Шрифт:
Интервал:
Закладка:
Никогда еще в растущих городах не видали ничего подобного. Даже теперь, пытаясь все это понять, становишься в тупик. Численность населения перевалила за четыреста тысяч, и на этом прирост прекратился, однако новые кварталы все росли и росли. Для кого, для каких грядущих жителей строили их с таким неистовством? Какое заблуждение заставляло сооружать тысячи квартир для будущих жильцов, не дожидаясь прибытия этих вероятных обитателей? Единственным оправданием могла служить сила самовнушения, предвзятая уверенность в том, что население третьего Рима, победоносной столицы Италии, бесспорно должно составить не менее миллиона человек. Их, правда, сейчас еще нет, но они, конечно, будут: усомниться в этом было бы непатриотично, было бы равносильно преступлению против родины.

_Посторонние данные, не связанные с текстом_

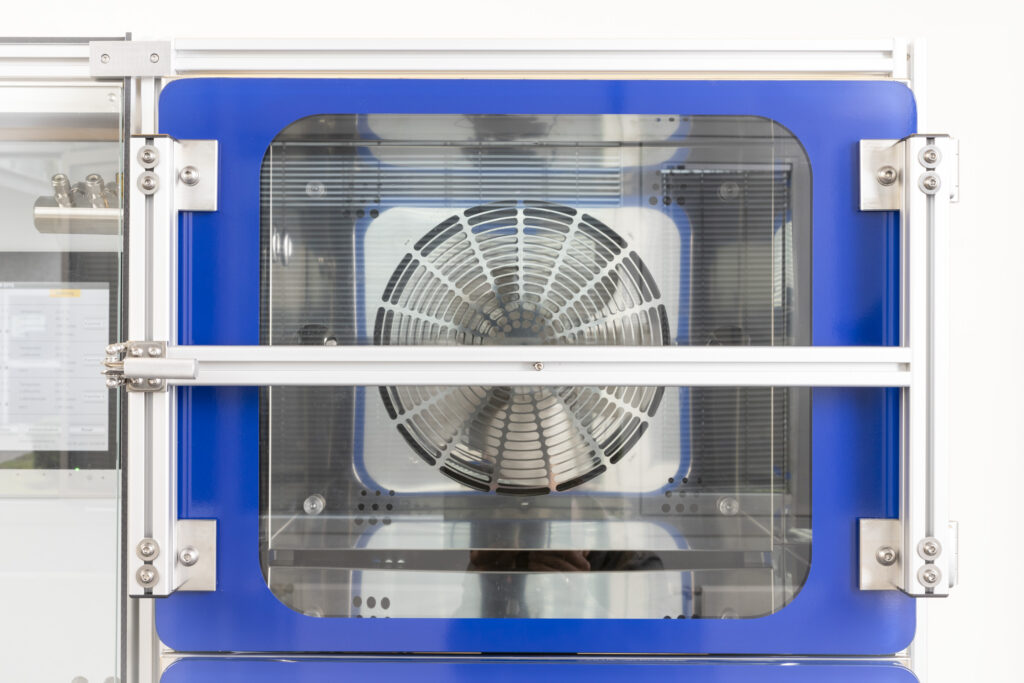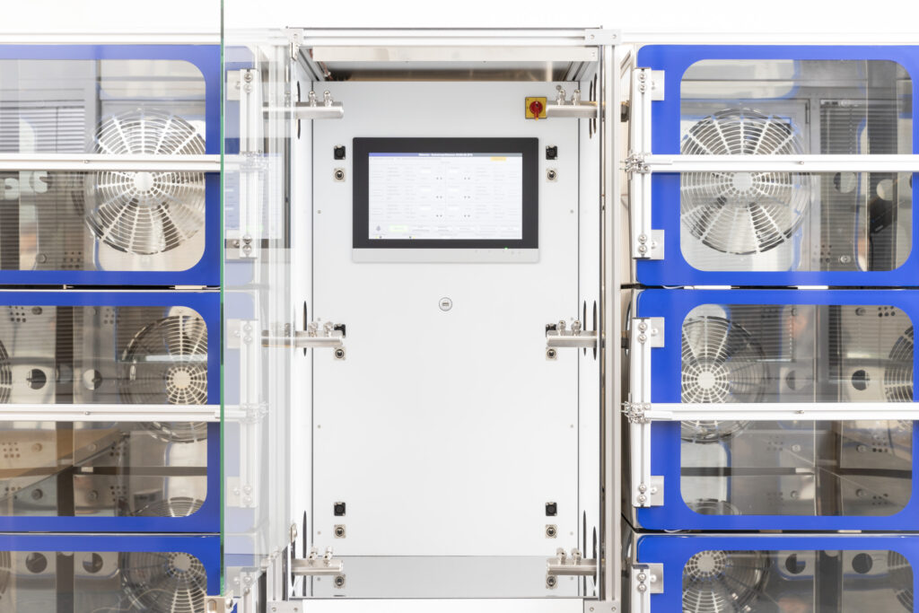 - Beidseitige Anschlussmöglichkeit eines Kammer-Racks mit je bis zu drei Prüfkammern

И вот все строят, строят без передышки, в расчете на полмиллиона горожан, еще находящихся в пути. Никого не беспокоит, когда они прибудут, на них рассчитывают — вот и все. Компании, создавшиеся в Риме для сооружения широких проспектов, которые должны были пролегать на месте старых, зараженных кварталов, извлекали огромную прибыль, продавая или сдавая внаем недвижимость. Но безумие не знало пределов, и, побуждаемые ненасытной жаждой наживы, возникали другие компании для сооружения все новых и новых кварталов вне городской черты — целых пригородов, которые никому не были нужны. Предместья вырастали, как по волшебству, за воротами Сан-Джованни, за воротами Сан-Лоренцо. На громадных участках виллы Лудовизи, от ворот Салариа до ворот Пиа, и дальше, до самой церкви Сант-Аньезе, начали сооружать целый город. И, наконец, в Прати-ди-Кастелло вздумали молниеносно возвести огромный квартал с собственной церковью, собственной школой, собственным рынком. Речь шла не о рабочих домишках, не о скромных жилищах для простонародья или служащих: речь шла о сооружении огромных, как дворцы, четырех- и пятиэтажных зданий с похожими один на другой громадными фасадами; но вавилонская пышность этих новых, удаленных от центра кварталов была бы под стать лишь таким столицам, как Париж или Лондон, где напряженно пульсирует жизнь, где развивается промышленность, городам, население которых могло бы заполнить эти кварталы. Вот они — чудовищные плоды тщеславия и алчности, поучительная страница истории, горький урок: Рим ныне разорен, и более того — опозорен уродством опоясавших его громоздких белых скелетов, вереницей пустующих и в большинстве недостроенных зданий, усеявших своими обломками заросшие сорной травою улицы.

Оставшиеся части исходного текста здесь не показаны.